This article excerpt, by Beth Schultz, originally appeared here: http://ubm.io/1EAiQor
To take the pulse of enterprise communications decision-makers, we recently gathered a group of No Jitter readers and Enterprise Connect attendees to join us for a discussion on their biggest challenges and watch points. Particular technology interests varied, with topics such as SIP trunking, video collaboration, and WebRTC popping into the conversation. But as each participant aired his or her most pressing concerns, three central themes emerged.

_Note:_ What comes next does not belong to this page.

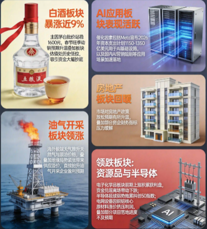 AI应用板块:表现活跃,催化因素包括Meta宣布2026年资本支出计划(1150-1350亿美元用于AI基础设施),以及国内AI营销、短剧等应用场景加速落地。
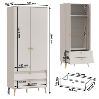 Двухдверный шкаф для одежды Афина 4-75901, за распашными дверями которого антресольная полка и штанга для одежды. Под отделением с дверями 2 ящика. Шкаф установлен на опоры высотой 16 см,

The themes are not new, to be sure. But they’re significant nonetheless in the consistency across industry and company size represented. The dozen or so IT executives we gathered in Orlando, coincident with Enterprise Connect 2015, hail from organizations large and small in a variety of verticals, including education, oil and gas, healthcare and retail. Interestingly, quite a few of the participants were first-time Enterprise Connect attendees — a fact I took as a sign of the increasing complexity of enterprise communications and the need for expert and peer insight in dealing with today’s challenges.
The themes were:
•The Cisco-Microsoft war wages on, no holds barred as companies plan their next-generation communications strategies. As one focus group participant noted, you might even call the fighting “bloody” between those who favor a Cisco Jabber decision and those who want to go with Microsoft Lync (now Skype for Business). The issues are familiar — not that that makes them any less challenging. Cisco gear drives the enterprise data network, which also supports voice and video conferencing given its IP base. But Microsoft software dominates the desktop, with the Lync client providing the entry point for instant messaging, presence, and, in some cases, content sharing and conferencing. While some of the focus group participants were still grappling over the decision, others have committed to either Cisco or Microsoft, depending on what works best for their particular situations.

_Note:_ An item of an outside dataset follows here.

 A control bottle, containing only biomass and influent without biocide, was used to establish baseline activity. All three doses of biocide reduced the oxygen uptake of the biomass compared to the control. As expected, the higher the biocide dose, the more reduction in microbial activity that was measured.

•It’s a multivendor world, and nothing plays all that well together. You’ve got your Cisco network and your Microsoft desktop, as noted above. Toss in some Avaya and ShoreTel phone systems here and there, sprinkle in myriad enterprise software and email packages (one participant even said his users still relied heavily on Lotus Notes), and then take into consideration what you’ve got on premises and provisioned from the cloud. More often than not, this crazy mishmash and worse is the reality with which IT must contend. As one participant said, you can’t simply wish any of these huge investments away, and as another noted, vendors are “too myopically focused … on the cool things they can do” rather than on what customers really need them to do. The Holy Grail of interoperability remains elusive, another added.

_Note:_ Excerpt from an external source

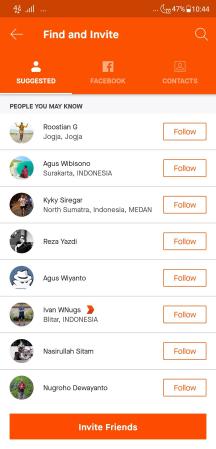 Halaman Find Friends menyodorkan 3 tab yang masing-masing adalah: Suggested (daftar orang yang disarankan untuk kita jadikan teman berdasarkan algoritma Strava), Facebook (berisi daftar teman-teman kita di Facebook yang telah bergabung dengan Strava, dan Contact.

•Users come in all shapes and sizes, figuratively speaking, of course. Not every company is a Silicon Valley startup populated with hip, digital-savvy Gen-Yers who have mobile phones within their palms virtually 24/7. Corporate reality is far more varied, and oftentimes quite mundane. Store cashiers don’t need mobile connectivity. CEOs can’t be interrupted during business meetings — say with investors — by a constant barrage of IMs. Members of this team need to gather via video meetings because they’re located in different places, while members of this team don’t as they’re all in one location. Creating a technology matrix that lets IT match user profiles to tools required has worked for at least one participant, who noted few exceptions since implementing this system. Another participant said his company has created collaboration advisory groups with business users to positive effect.
Do these themes resonate with you? What would you add?